Ich gebe zu, es gibt Workshops, wo ich während der Mittagspause den Seminarraum nicht verlasse. Zumeist liegt das an der mangelnden Gelegenheit, preiswert und vor allem gut zu Mittag zu essen. In diesem Fall bringe ich mein Pausenbrot mit und bleibe vor Ort. Allerdings kommt das nicht oft vor, vielleicht etwa drei bis vier Mal im Jahr. Ansonsten esse ich beim Kunden in der Kantine und verbinde dies mit einem kleinen Spaziergang.

Warum Sie tatsächlich das Büro während der Mittagspause verlassen sollten, zeigt uns Kitty Boinott in ihrem Beitrag 10 Reasons To Leave Your Desk At Lunch auf:

1. Sie werden produktiver

Menschliche Arbeit vollzieht sich in einem bestimmten Rhythmus, wie das Ein- und das Ausatmen. Wenn die Batterie leer ist, sollten Sie sie wieder laden. Das gelingt am besten, wenn Sie sich vom Arbeitsplatz entfernen.

2. Sie werden kreativer

Oft kommt das Gehirn dann auf die besten Ideen, wenn Sie es für eine Weile in Ruhe lassen.
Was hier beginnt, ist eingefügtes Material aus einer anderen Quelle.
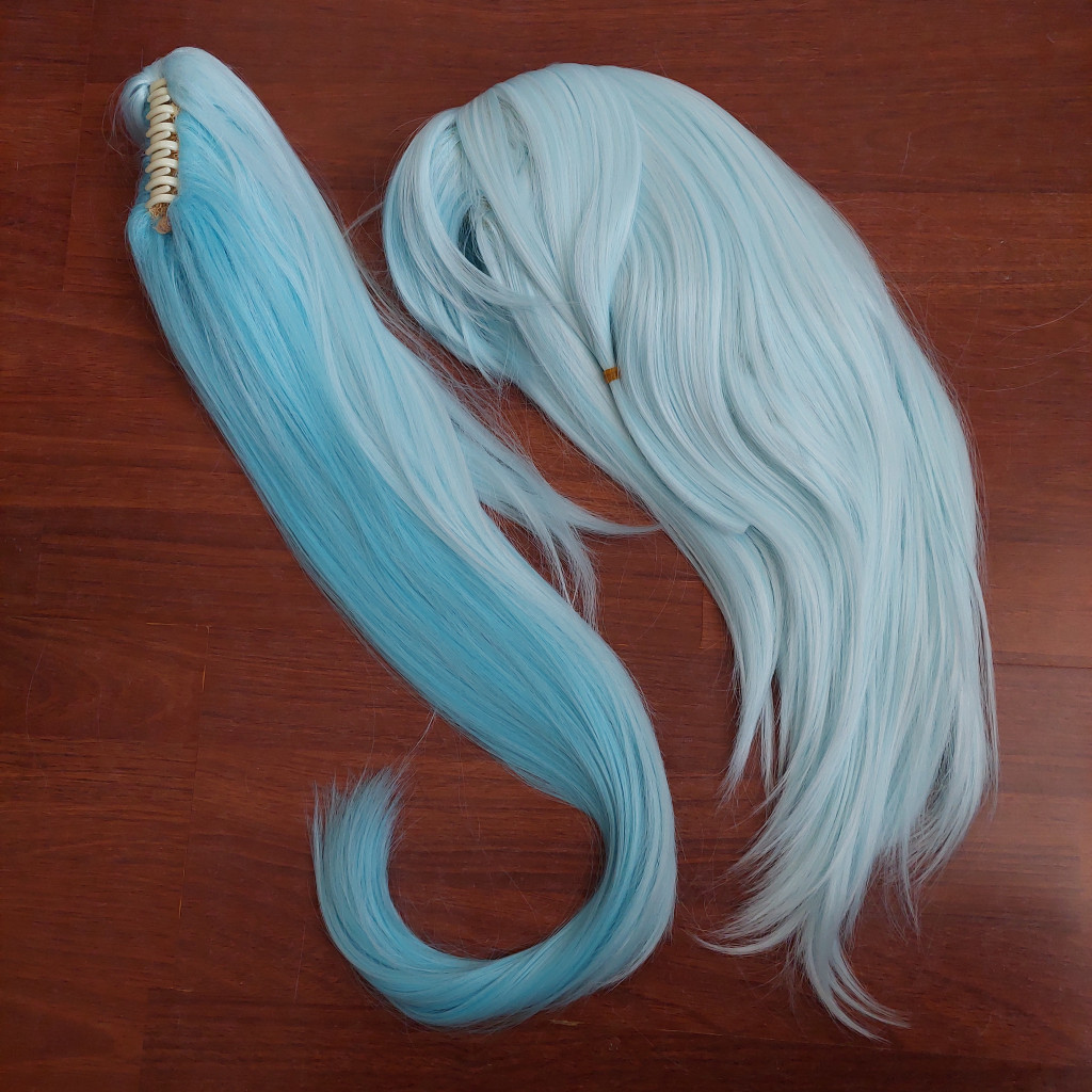A leértékelés oka: személyes megítélés alapján: Ayaka haja a játékban illetve official képeken inkább kékes-ezüstösebb hatású, a paróka világoskék árnyalata illik hozzá és fanartokon is jellemző de úgy gondolom, hogy akciós áron jobban felkelti az érdeklődést:)

Das Unbewusste arbeitet während der Pause an dem Problem weiter und oft haben Sie die besten Ideen, wenn Sie ganz einfachen Tätigkeiten nachgehen. Erlauben Sie sich das Tagträumen und lassen Sie die Gedanken umher wandern.

3. Sie essen achtsamer

Essen am Arbeitsplatz funktioniert in der Regel im Autopilot-Modus, wie Shamash Alidina sagt. Sie werden von Ihren Aufgaben vom Essen abgelenkt. Sie sind in Gedanken bei Ihrem Problem und nehmen gar nicht wahr, dass Sie gerade essen. Gesund ist das nicht. Wenn Sie essen, dann essen Sie, wenn Sie arbeiten, dann arbeiten Sie. Aus diesem Grund sind mir auch die „Arbeitsessen“ ein Gräuel und ich vermeide sie, wo ich nur kann.

4. Sie pflegen die Beziehung zu Ihren Kollegen

Ab und zu tut es gut, mit den Kolleginnen auch über andere Dinge als die Arbeit zu sprechen. Sie müssen ja nicht über persönliche Dinge reden, mitunter tut es schon gut, die Ergebnisse der Bundesliga zu erörtern. Das ist das berühmte Socializing, das wir Menschen brauchen. Wo kann man besser über alltägliche Dinge sprechen als beim gemeinsamen Mittagessen in der Kantine?

5. Sie kommen an die frische Luft

Gehen Sie in der Mittagspause ein wenig an die frische Luft. Ihr Körper wird es Ihnen danken (allerdings nicht, wenn Sie die Zeit für eine Zigarette verschwenden). Und vergessen Sie nicht, Ihr Büro während der Mittagspause zu lüften, wenn Sie die Möglichkeit dazu haben.

6. Sie bewegen sich

Sie sitzen ohnehin den ganzen Tag. Es gibt ernstzunehmende Stimmen, die das Sitzen als das neue Rauchen bezeichnen. Es kann auf Dauer erhebliche negative Folgen für Ihre Gesundheit nach sich ziehen. Nutzen Sie also jede Gelegenheit, aufzustehen und sich zu bewegen. Auch die Mittagspause.

7. Ihr Schreibtisch und Ihr PC werden nicht vollgekrümelt

Das braucht wohl nicht weiter kommentiert werden.

8. Sie haben mehr Genuss beim Essen

Dieser Punkt hängt eng mit Nummer 3 weiter oben zusammen. Machen Sie sich bewusst, was Sie gerade essen und nehmen Sie das Gericht mit all Ihren Sinnen wahr. Lassen Sie sich vor allen Dingen ausreichend Zeit. Essen Sie bewusst und langsam.

9. Sie können das Mittagessen zum Netzwerken benutzen

Wer weiß, vielleicht treffen Sie während des Mittagessen Menschen, die Ihnen neue Chancen aufzeigen können. Vermutlich können Sie so etwas nicht erzwingen, aber die Gelegenheit beim Schopf packen, wenn Sie sich ergibt, das können Sie schon.

10. Sie können alte Bekanntschaften wieder aufleben lassen

Vielleicht haben Sie die Möglichkeit, Ihr Mittagessen sogar mit Freunden oder Bekannten einzunehmen? Ich habe einen Studienkollegen, der regelmäßig mit Bekannten zu Mittag isst, die nicht in seinem Unternehmen arbeiten. Auf diese Weise kommt er auf andere Gedanken und kann auftanken.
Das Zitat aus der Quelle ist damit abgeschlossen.